Stesso iter sta vivendo adesso la versione autunno–inverno che, «inaugurata con l’inizio dell’anno scolastico, vedrà concludersi a breve il periodo di “sperimentazione”, per poi vedere il Comitato mensa confrontarsi, come per la precedente stagionalità, al fine di migliorare il più possibile il servizio».

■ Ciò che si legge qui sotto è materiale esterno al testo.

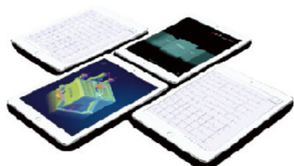
IOS iphone & ipad APP

With IOS system, Bluetooth 3.0 Agreement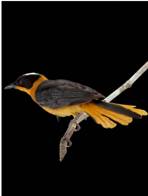
66 Cossypha niveicapilla MUSCIPIDAE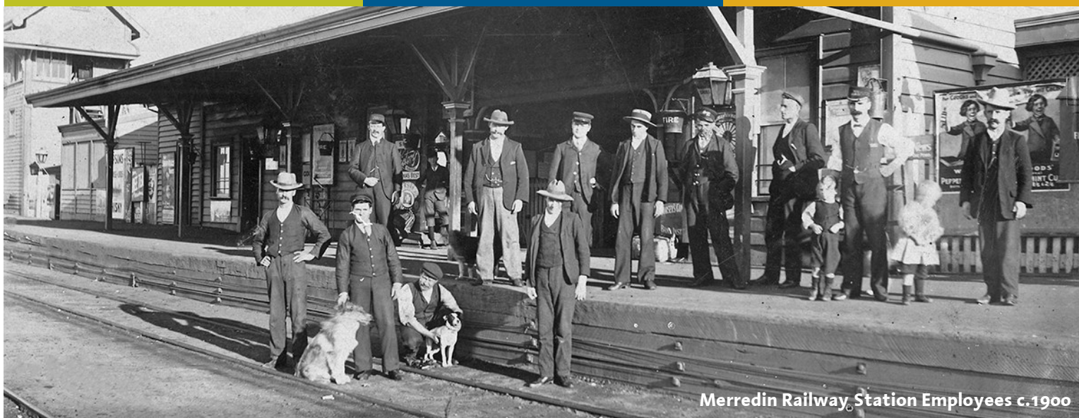
Merredin Railway Station Employees c.1900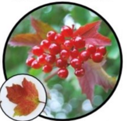
GUELDER ROSE Viburnum opulus Clusters of red oval berries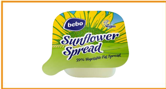
Bebo Sunflower Portions 4x100x10g

(BRIERLEY HILL) LIMITED CHEESE, YOGURT & A WHOLE LOT MORE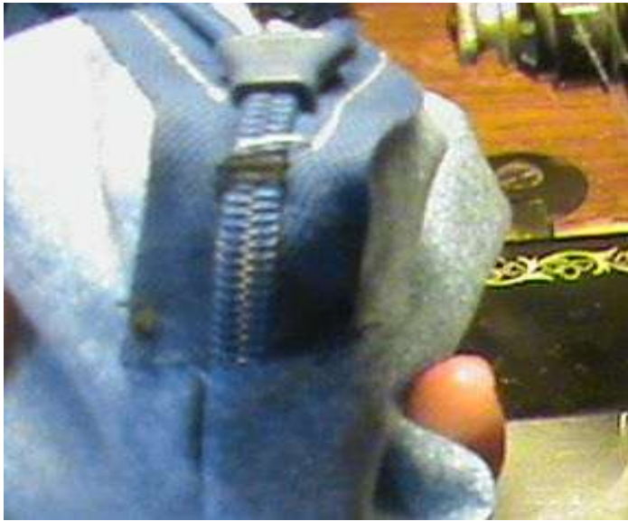
Purse with finished Zipper

I like to tack the ends of the cut off zipper to the purse to help keep it from fraying. You can sew along the whole end with a whip stitch to give it more support to prevent fraying if you like too. I didn't do that here but I sometimes do use the whip stitch. Just gives your zipper a little more longevity. It helps to keep the teeth from separating over time.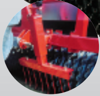
Coil tine track remover kit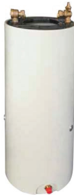
PLATFORM IN RAISED POSITION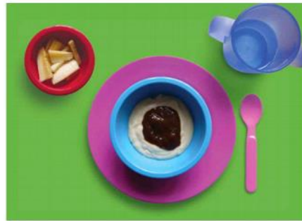
Semolina made with milk, puree prunes and banana fingers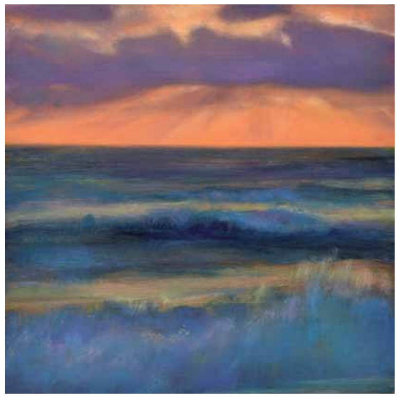
Atlantic Dawn • Oil on panel • 20 x 20" • JMS765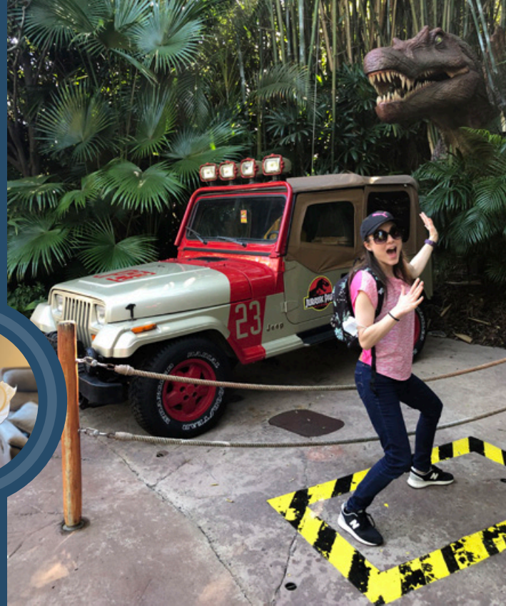
↑ WE LOVE TO LAUGH, EVEN IF WE ARE BEING CHASED BY DINOSAURS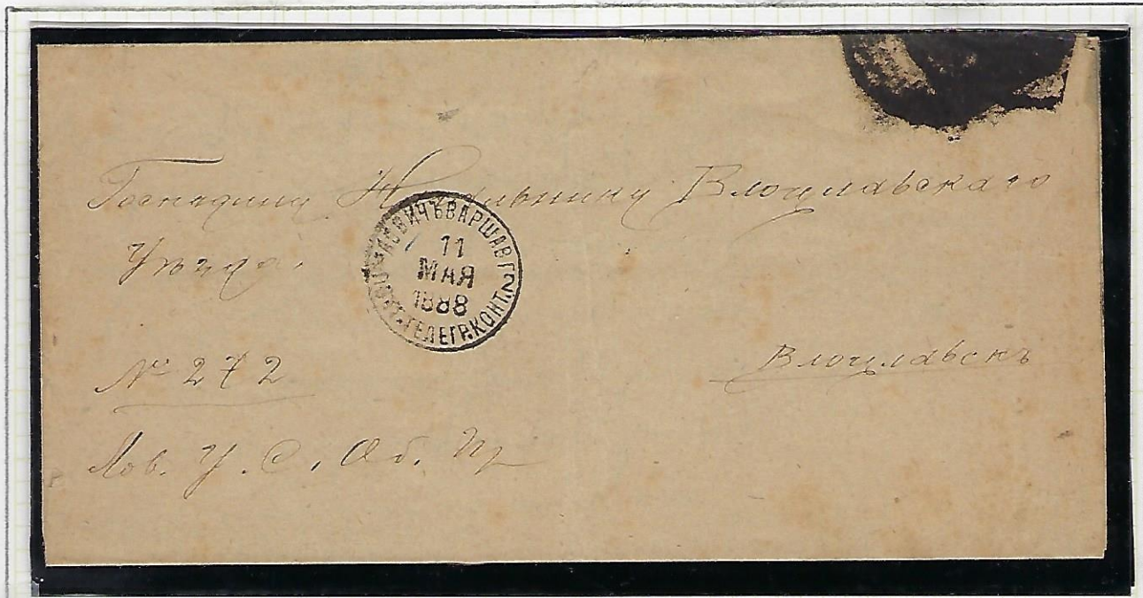
1888: A business letter in Russian, sent from Łowicz on 11 May 1888 to Włocławek, where it arrived the following day. Distance 84 km as the crow flies; perhaps 10 km further by the direct rail connection from Warsaw via Łowicz to Włocławek and from there to German Poland which was completed in 1862.

A LATE EXAMPLE OF MAIL FORWARDED WITHOUT STAMPS.

Il Comitato annovera al suo interno quasi 30 persone. Tra questi anche due consiglieri comunali, Marina Busan (Meio Muja) e Ferdinando Parlato (Un’Altra Muggia), e ben 11 rappresentanti del corpo docente e 10 genitori democraticamente eletti «come chiunque può evincere da una semplice verifica sul sito del Comune di Muggia (Come fare - Scuole)». «Per quanto il menù risponda già a tutte le caratteristiche dell’Azienda sanitaria, motivati dalla forte attenzione verso i più giovani che da sempre contraddistingue questa amministrazione, abbiamo scelto di raccogliere qualsiasi suggerimento invece di adottarlo senza dare a bambini, genitori e insegnanti alcuna voce in capitolo», chiarisce a tale proposito l’assessore all’Istruzione Loredana Rossi. 

sabato 10 ottobre 2015

LAMENTELE DELLE FAMIGLIE SUL MENU’ DEI BAMBINI DI MUGGIA

Grizon (Pdl): qualsiasi sia il problema la giunta deve trovare una pronta e convincente risposta e soluzione: è inimmaginabile che si speculi sulla qualità e quantità dei pasti che, salvaguardando i necessari apporti energetici e nutrizionali, dovrebbero tener conto le tradizioni e le consuetudini alimentari della nostra comunità e del parere delle famiglie.
 
"Una cosa è certa: è inimmaginabile che la sua amministrazione speculi su qualità e quantità dei pasti dei bambini" scrive Claudio Grizon, consigliere comunale di Muggia per il Pdl, in una interrogazione urgente al sindaco Nerio Nesladek e all’assessore Loredana Rossi, dopo aver letto le lamentele che numerosi genitori hanno postato su facebook.
I problemi almeno su Fb sono scaturiti da un commento alquanto amaro e sconsolato di un papà di Muggia: “Bollettino della refezione scolastica. Martedì 6 ottobre. Primo piatto: minestra (definita giallo-grigia). Insalata mista (nel senso mezza salatissima e mezza senza sale). Banane”.
"Qualsiasi sia il problema – sottolinea Grizon – la giunta deve trovare una pronta e convincente risposta e soluzione: non si può speculare sul menù dei bambini".
"Ad un certo punto – rivela l’esponente del centro destra muggesano – mi sono inserito nei commenti su Fb con una semplice domanda: "è tanto grave la situazione? è una questione di gusti, quantità o qualità?" La risposta del papà che ha pubblicato quello che ha definito il “bollettino della refezione scolastica” è stata tanchant: “di gusti, qualità e quantità”.
"Ho trovato davvero incredibile – aggiunge Grizon - che una mamma abbia rivelato che “hanno mangiato tutti pane” e che un papà si sia chiesto: “ma una pasta col ragù?” ed ancora “anche di minestra tante volte solo 5 mm”." 
"Mi chiedo – conclude Gizon - se i noti interessi professionali del sindaco Nesladek nel campo dietetico e alimentare abbiano contribuito a determinare questa situazione: pur non volendo intervenire negli aspetti scientifici della predisposizione dei menù, che non spettano né al sindaco né a me, ritengo che dovrebbero essere assicurati ai bambini gli adeguati apporti energetici e nutritivi considerate anche le tradizioni e le consuetudini alimentari della nostra comunità e sentiti i pareri delle famiglie".